Le Québec offre des programmes aux trois cycles universitaires en sciences infirmières depuis plusieurs décennies. La Suisse francophone a réalisé le virage en 2008, mais, dans le reste de la francophonie, la situation est très variable.

« La France, par exemple, a lancé un grade licence
sans réellement construire les trois cycles ni intégrer la formation au sein de l’université », indique M. Chapuis.

Toutefois, dans différents endroits, la situation continue d’évoluer.

« Le Liban, par exemple, offrira très bientôt une filière universitaire de trois cycles », indique M. Chapuis.
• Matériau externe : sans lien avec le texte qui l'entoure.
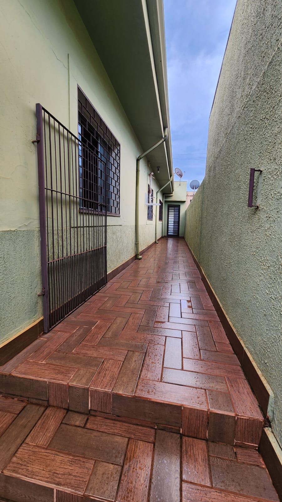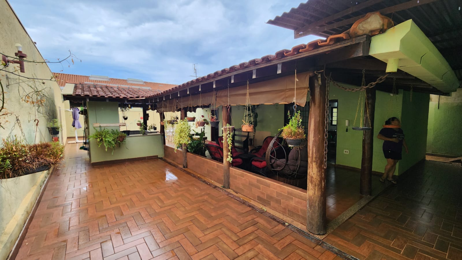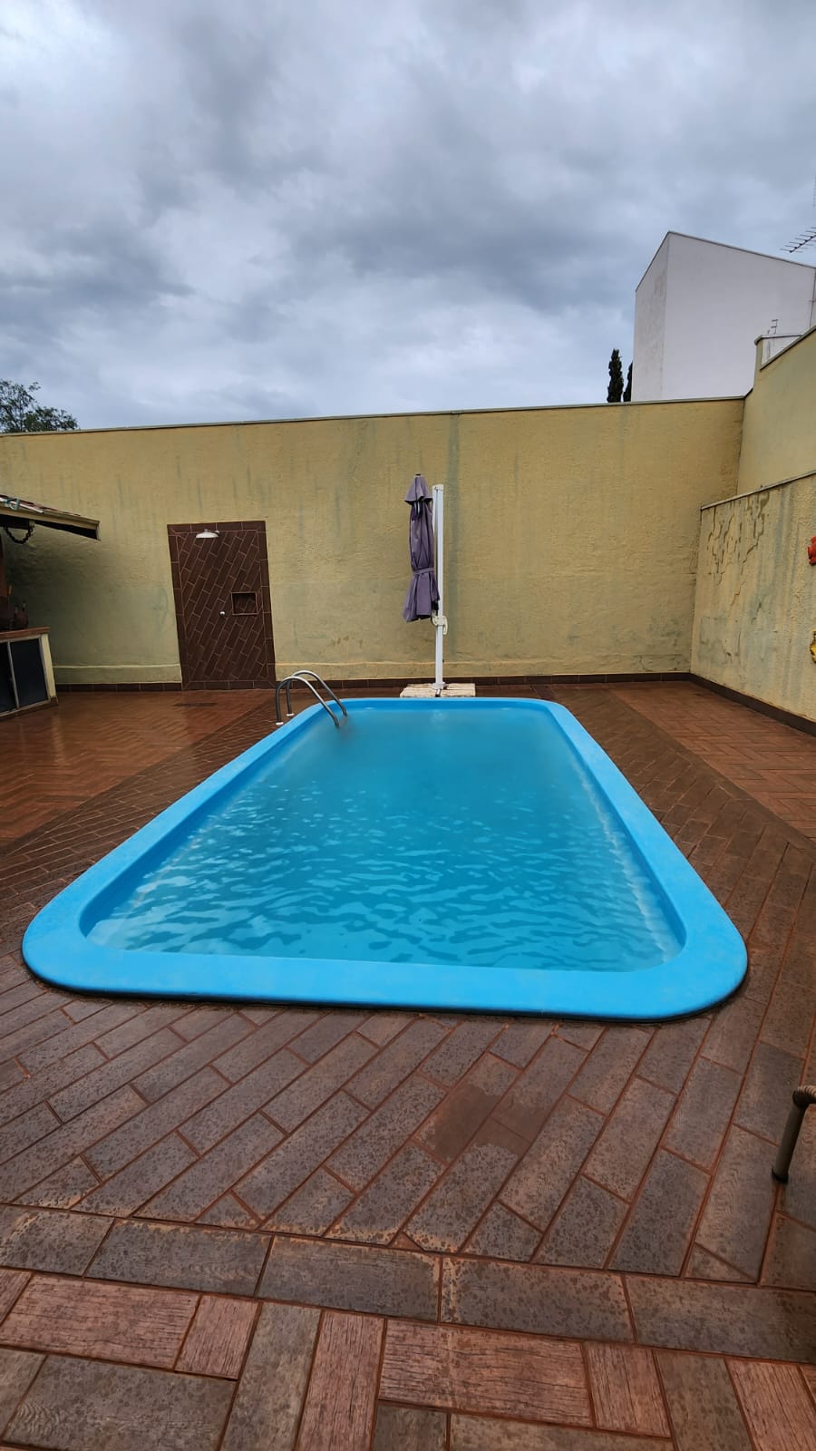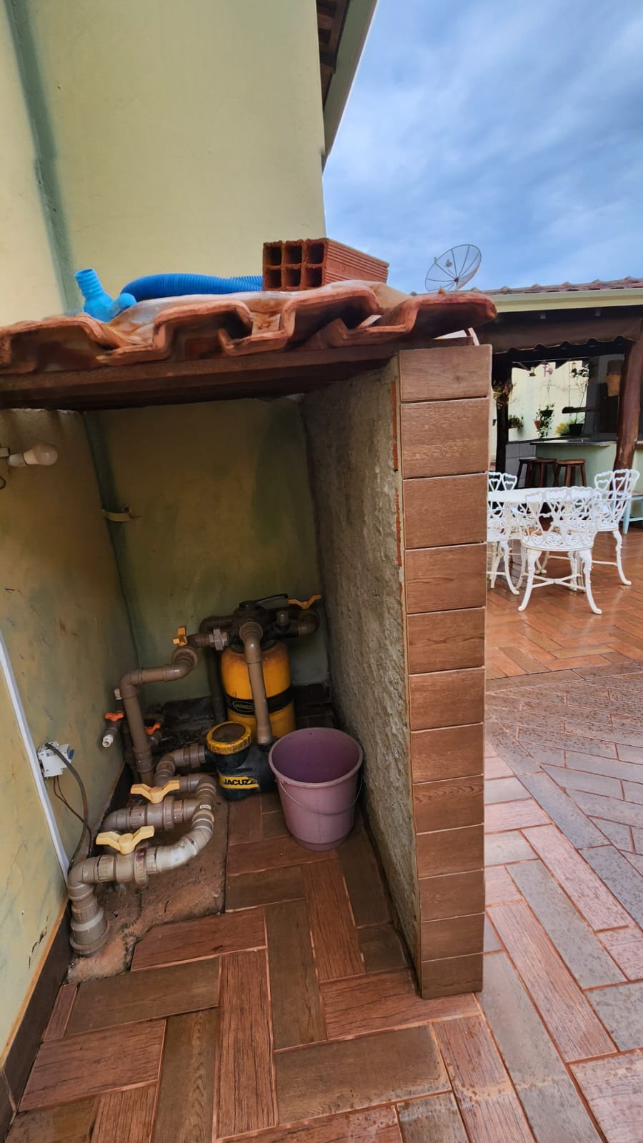 Parte externo: 01 dormitório, despejo, 01 w.c social, laje, piso frio, área de serviço coberta, área de lazer com piscina, balcão, corredor lateral, garagem vários carros, cerca elétrica, portão elétrico.

« La création du SIDIIEF a donné un lieu d’échange sur les façons de faire et a permis la rencontre de personnes-clés pour développer de nouvelles formations », remarque Gyslaine Desrosiers.

Partenariats et événements

Parmi les membres du SIDIIEF, on retrouve notamment plusieurs établissements de formation. Puis, l’organisation internationale peut compter sur plusieurs membres promoteurs au Québec, dont les consortiums McGill, Montréal, Sherbrooke et Laval formés par les universités et leurs établissements de santé affiliés.

Un congrès international se tient tous les trois ans.

« En 2009, à Marrakech, notre congrès a vraiment pris un envol, puisqu’il était parrainé par la femme du roi du Maroc, la princesse Lalla Salma, ambassadrice de bonne volonté de l’Organisation mondiale de la santé (OMS) contre le cancer, et elle a à coeur la formation des infirmières au Maroc », indique Mme Desrosiers.

Puis, en 2012, le congrès a eu lieu à Genève, en Suisse, avec l’appui de l’Agence universitaire de la Francophonie (AUF).

« Cela a été un appui moral important, indique Mme Desrosiers. L’AUF a fait de la formation des infirmières une priorité. Cette année-là, en fait, on a eu plus de 100 appuis formels. Ce fut un grand mouvement international pour le développement des compétences des infirmières. »

Le réseautage réalisé lors des événements du SIDIIEF a permis à différents projets de se réaliser.

« J’ai vu une infirmière clinicienne du CHUM spécialisée en diabète donner de la formation au Gabon ; c’est fascinant, ce qu’on peut faire lorsqu’on n’a pas la barrière de la langue, affirme Mme Desrosiers. Ce genre d’expérience est extraordinaire sur les plans professionnel et personnel. Le partage a une valeur inestimable. »

Recherche et prise de position

Les grands événements internationaux sont importants pour le SIDIIEF, mais l’organisation souhaite faire davantage. Elle aimerait bien réaliser plusieurs initiatives de coopération Nord-Sud, mais, actuellement, le financement pour ce genre de projet se fait rare. Le SIDIIEF a donc décidé d’augmenter son impact en réalisant des recherches et en prenant position sur différents enjeux liés au domaine de la santé, pour tenter de faire avancer des choses.

Par exemple, un mémoire sur la qualité des soins et la sécurité des patients sera présenté lors du congrès cette année. Pour le réaliser, une équipe interuniversitaire de chercheurs québécois a eu le mandat de réaliser une revue de la littérature portant sur les indicateurs reconnus comme sensibles à la qualité des soins infirmiers et de vérifier l’usage de ces indicateurs dans différents pays.

« Nous souhaitons que ces indicateurs soient de plus en plus utilisés aussi dans un but de comparaison, explique Gyslaine Desrosiers. C’est en se comparant à d’autres qu’on sait si on est bon ou pas. Il y a des coûts à la non-qualité des soins ; l’OMS dit qu’elle peut coûter jusqu’à 10 % des coûts du système de santé. En publiant cette documentation, nous voulons parler de qualité des soins et de sécurité des patients de façon structurante, pour avoir un impact. »

Le SIDIIEF compte près de 1900 membres à travers le monde.